MATERIALS PROVIDED section start

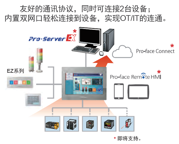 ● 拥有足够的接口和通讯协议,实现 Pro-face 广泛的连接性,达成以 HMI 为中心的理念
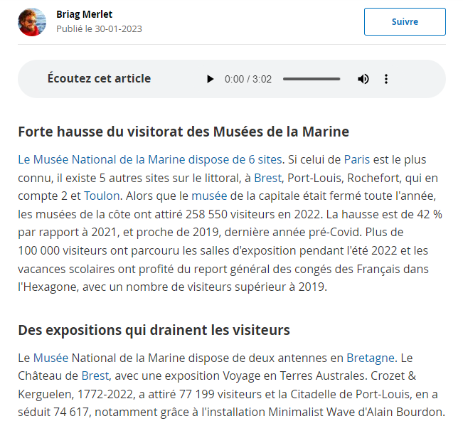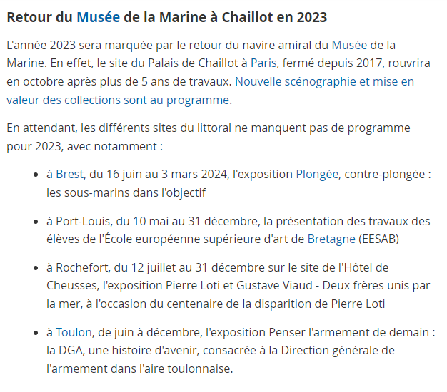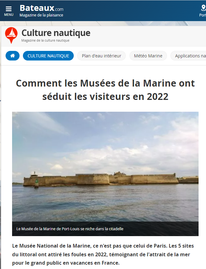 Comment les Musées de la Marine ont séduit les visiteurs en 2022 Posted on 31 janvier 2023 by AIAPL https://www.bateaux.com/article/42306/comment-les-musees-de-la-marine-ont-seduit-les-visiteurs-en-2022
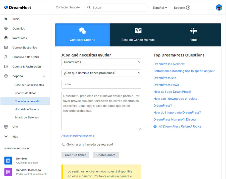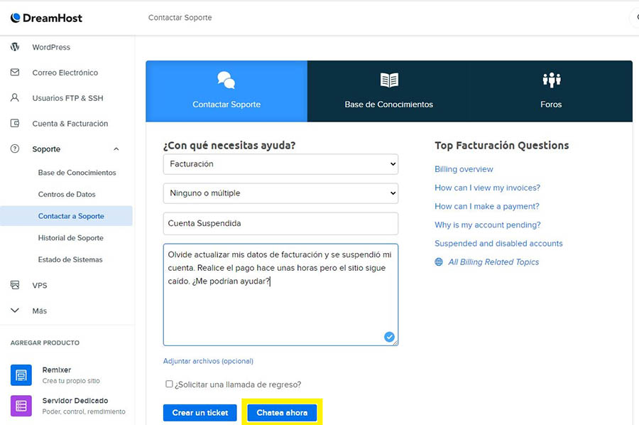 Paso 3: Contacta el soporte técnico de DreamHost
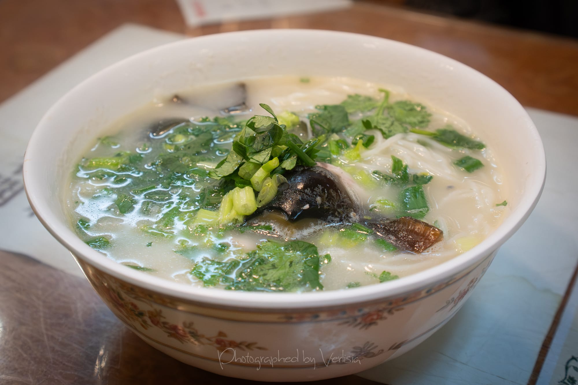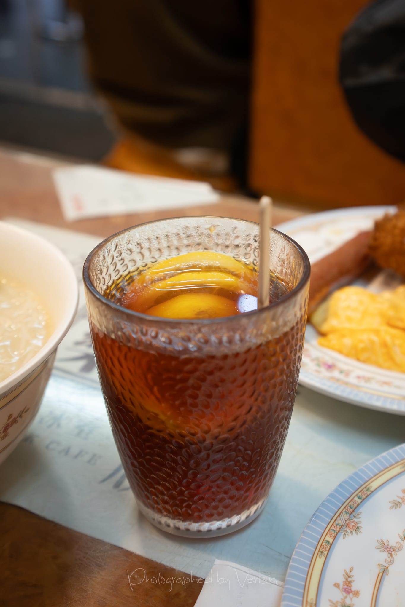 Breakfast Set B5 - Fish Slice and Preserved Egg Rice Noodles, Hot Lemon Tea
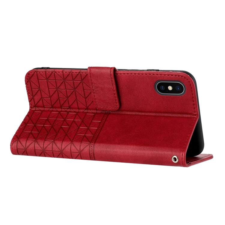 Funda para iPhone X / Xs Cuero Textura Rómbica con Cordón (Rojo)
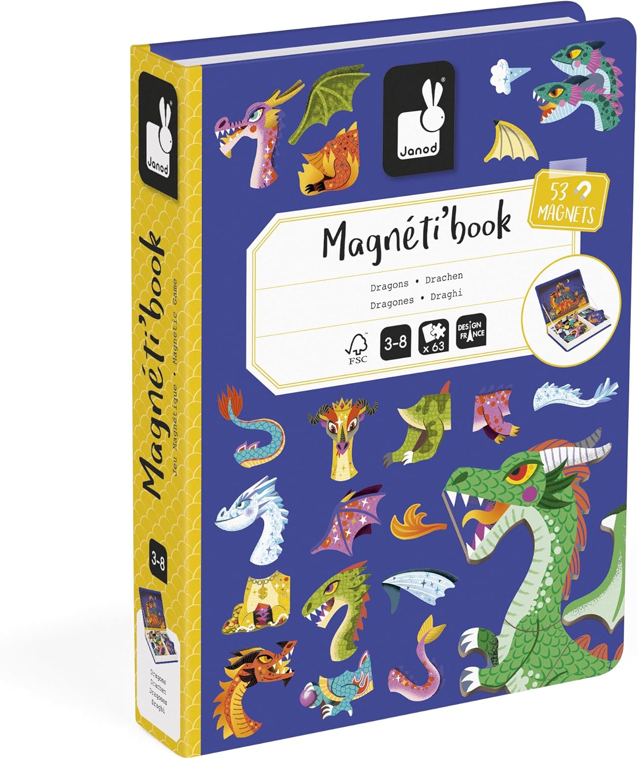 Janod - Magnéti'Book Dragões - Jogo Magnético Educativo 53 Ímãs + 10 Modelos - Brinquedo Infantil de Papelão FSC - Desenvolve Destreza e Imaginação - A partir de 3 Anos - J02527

MATERIALS PROVIDED section end
MATERIALS PROVIDED section start

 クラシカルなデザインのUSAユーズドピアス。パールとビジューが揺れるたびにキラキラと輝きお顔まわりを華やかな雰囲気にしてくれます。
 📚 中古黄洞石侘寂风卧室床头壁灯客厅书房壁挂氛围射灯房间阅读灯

MATERIALS PROVIDED section end
MATERIALS PROVIDED section start

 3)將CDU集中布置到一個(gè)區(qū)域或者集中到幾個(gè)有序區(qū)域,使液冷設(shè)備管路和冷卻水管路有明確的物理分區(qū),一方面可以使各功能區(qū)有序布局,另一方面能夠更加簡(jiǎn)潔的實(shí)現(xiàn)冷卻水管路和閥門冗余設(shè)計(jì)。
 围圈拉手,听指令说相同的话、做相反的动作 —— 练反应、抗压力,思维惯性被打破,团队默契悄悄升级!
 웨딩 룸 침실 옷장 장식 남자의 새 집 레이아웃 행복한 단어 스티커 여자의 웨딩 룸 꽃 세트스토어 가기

MATERIALS PROVIDED section end

• **PROBLEM STATEMENT**
Copy out, exactly and alone, the lines of the entries above between the ones holding "3)將CDU集中布置到一個(gè)區(q" and "웨딩 룸 침실 옷장 장식", inclusive.

• **RESULT FOR THIS TASK**
 3)將CDU集中布置到一個(gè)區(qū)域或者集中到幾個(gè)有序區(qū)域,使液冷設(shè)備管路和冷卻水管路有明確的物理分區(qū),一方面可以使各功能區(qū)有序布局,另一方面能夠更加簡(jiǎn)潔的實(shí)現(xiàn)冷卻水管路和閥門冗余設(shè)計(jì)。
 围圈拉手,听指令说相同的话、做相反的动作 —— 练反应、抗压力,思维惯性被打破,团队默契悄悄升级!
 웨딩 룸 침실 옷장 장식 남자의 새 집 레이아웃 행복한 단어 스티커 여자의 웨딩 룸 꽃 세트스토어 가기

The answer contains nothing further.